Primary and Auxiliary Subunits of Sodium Channel Nav1 in Lymnaea Stagnalis

Abstract

Voltage gated sodium channels (Nav ) are major contributors in the neuronal signal transduction, responsible for the action potential upstroke. They are members of the large 4x6 ion channel family, which also include the voltage gated calcium channels, and NALCN channels. The evolution of sodium selectivity in ion channels predates the development of the nervous system and sodium channels can be found in almost all animal lineages, including the most ancestral ones, like Placozoa and Apusozoa phylums. Two types of sodium channels, Nav1 and Nav2, are differentiated mainly based upon the structure of the inner pore, which dictates the ion selectivity of the channel. Nav1, which is represented in humans by 9 subtypes, Nav1.1-9, carries a selectivity filter motif DEKA which makes it highly selective for sodium ions.
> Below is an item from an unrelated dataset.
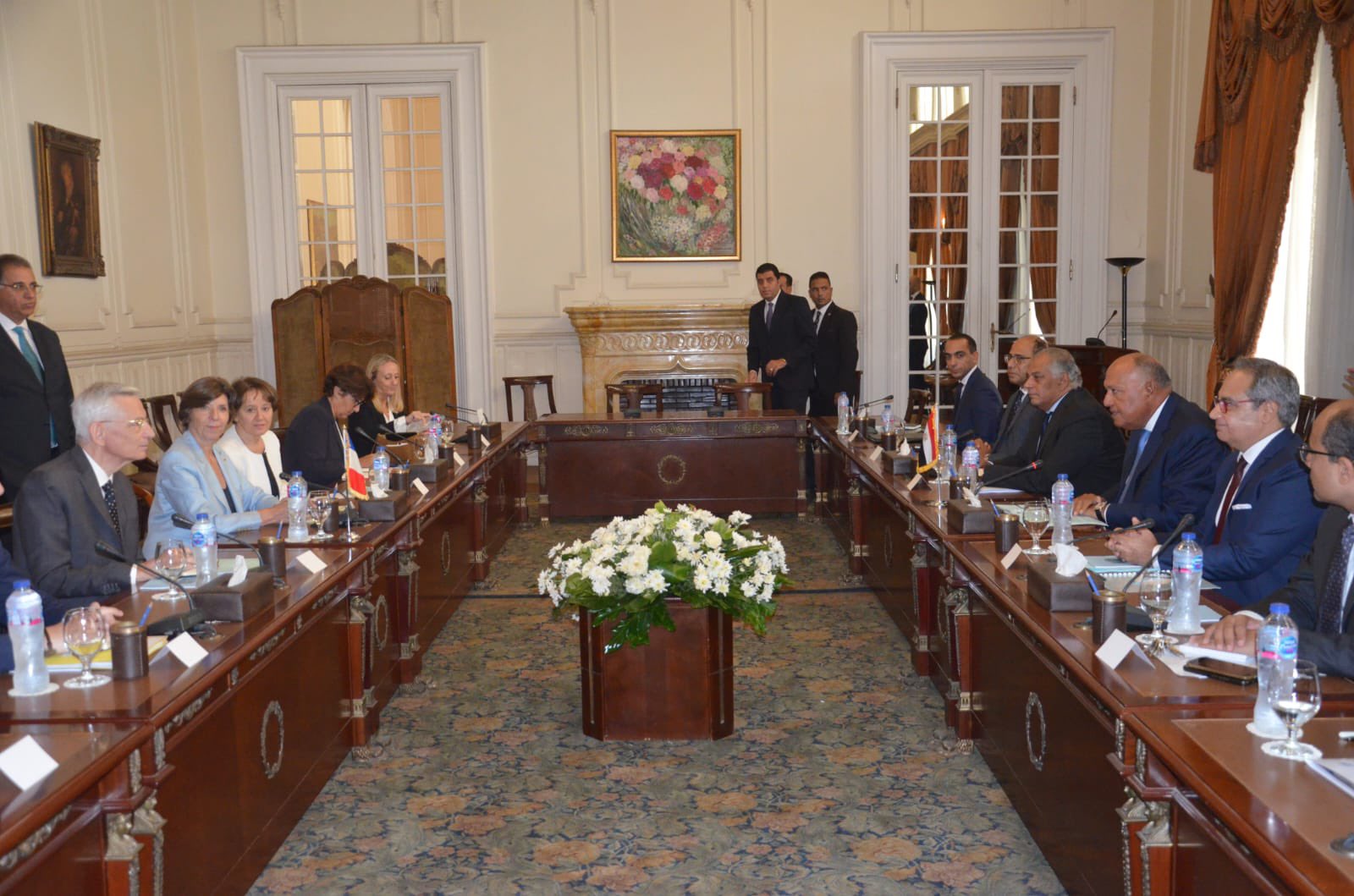 بدء جلسة المباحثات الثنائية الموسعة بين وزير الخارجية ونظيرته الفرنسية (صور)

Nav2 which is ancestral to Nav1 has been lost in the vertebrate lineage but is found in the majority of invertebrates. Despite the structural homology with Nav1, the selectivity filter DEEA makes the Nav2 channel calcium selective. We have sequenced, cloned and identified splice variants in sodium channel Nav1 from a pulmonate fresh water snail, Lymnaea stagnalis. We also identified the sequence of the Lymnaea Nav2 channel, which is possibly expressed in the snail external sensory organs. Unlike the highly conserved α- subunits, the multifunctional auxiliary subunits of human sodium channel, β1-4, have no structural analogs among invertebrates, although insectal Tip-E and TEH have a similar function. We have identified putative molluscan sodium channel auxiliary subunits, LNavB1-4, which are secreted proteins with a conserved CUB domain, analogous to the CAM like immunoglobulin V-folds in mammalian β-subunits. CUB domains are found in auxiliary subunits of nematode and mammalian ligand gated channels, such as kainite receptors and acetylcholine receptors. Our hypothesis is that the Navβ subunits are an example of convergence, which evolved independently in different invertebrates and vertebrate groups to serve similar functions.